▶ **Task statement**
Without including any pictures, write out all the entries exactly.

▶ **Supplied data**
◇ ◇ ◇ ◇ ◇

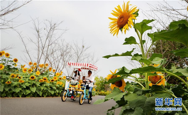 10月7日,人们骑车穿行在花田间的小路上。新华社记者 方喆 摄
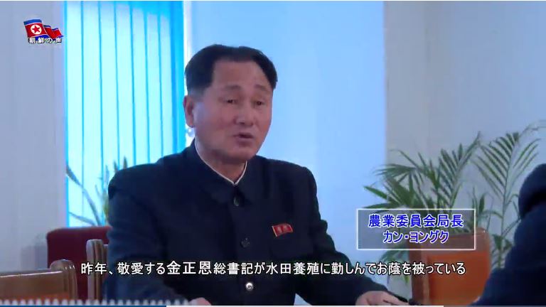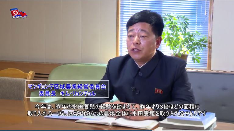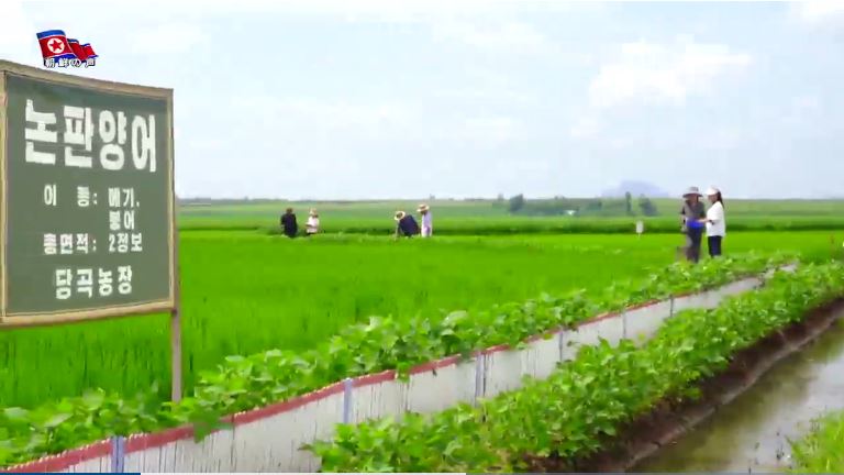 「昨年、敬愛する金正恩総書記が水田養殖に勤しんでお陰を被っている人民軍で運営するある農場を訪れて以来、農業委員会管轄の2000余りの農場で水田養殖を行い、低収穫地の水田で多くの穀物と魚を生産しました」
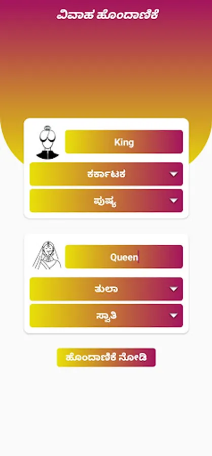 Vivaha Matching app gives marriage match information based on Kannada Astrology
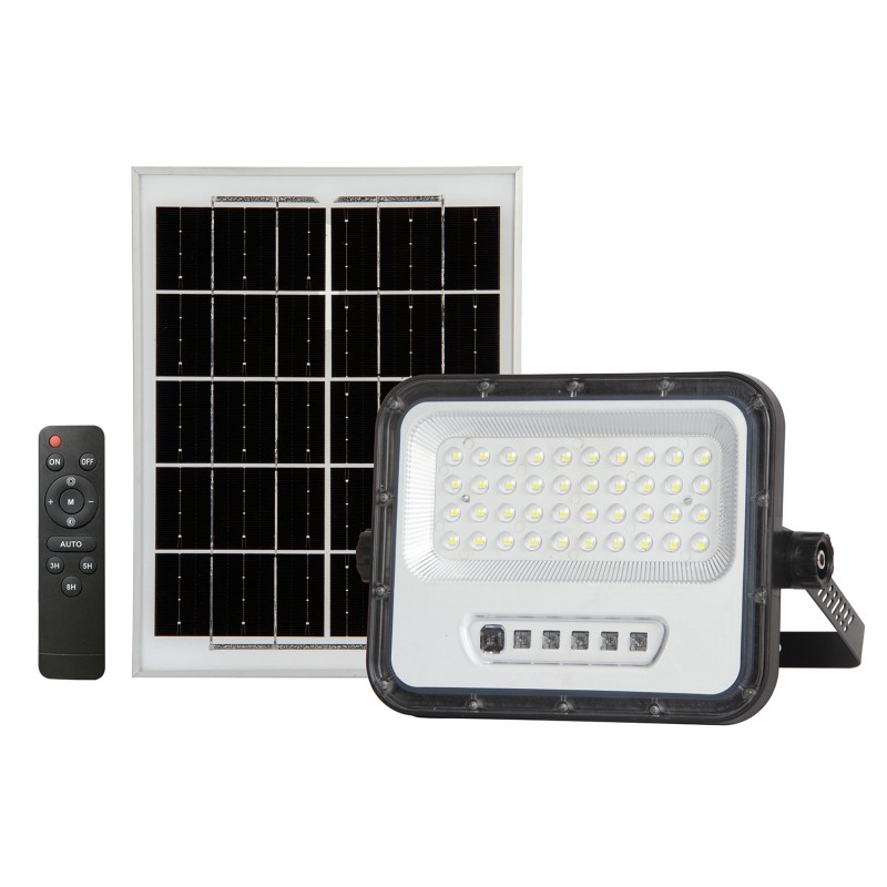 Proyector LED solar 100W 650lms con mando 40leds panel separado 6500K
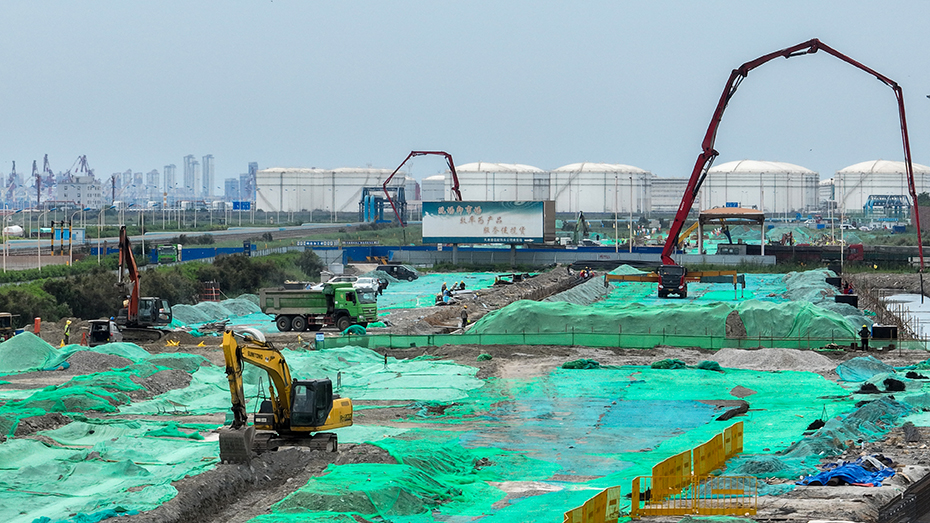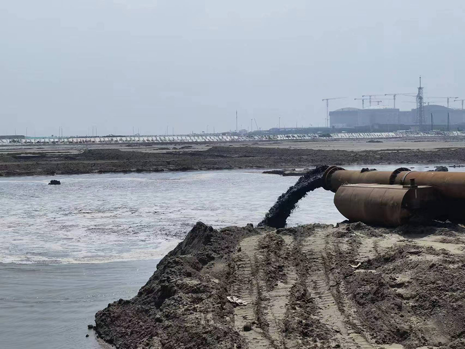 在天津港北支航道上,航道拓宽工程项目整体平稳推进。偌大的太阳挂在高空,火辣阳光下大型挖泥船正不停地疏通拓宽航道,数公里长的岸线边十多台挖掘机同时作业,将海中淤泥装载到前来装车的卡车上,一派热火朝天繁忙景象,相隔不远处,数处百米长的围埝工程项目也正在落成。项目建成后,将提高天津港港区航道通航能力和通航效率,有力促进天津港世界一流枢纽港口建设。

◇ ◇ ◇ ◇ ◇

▶ **Your solution**
 10月7日,人们骑车穿行在花田间的小路上。新华社记者 方喆 摄
 「昨年、敬愛する金正恩総書記が水田養殖に勤しんでお陰を被っている人民軍で運営するある農場を訪れて以来、農業委員会管轄の2000余りの農場で水田養殖を行い、低収穫地の水田で多くの穀物と魚を生産しました」
 Vivaha Matching app gives marriage match information based on Kannada Astrology
 Proyector LED solar 100W 650lms con mando 40leds panel separado 6500K
 在天津港北支航道上,航道拓宽工程项目整体平稳推进。偌大的太阳挂在高空,火辣阳光下大型挖泥船正不停地疏通拓宽航道,数公里长的岸线边十多台挖掘机同时作业,将海中淤泥装载到前来装车的卡车上,一派热火朝天繁忙景象,相隔不远处,数处百米长的围埝工程项目也正在落成。项目建成后,将提高天津港港区航道通航能力和通航效率,有力促进天津港世界一流枢纽港口建设。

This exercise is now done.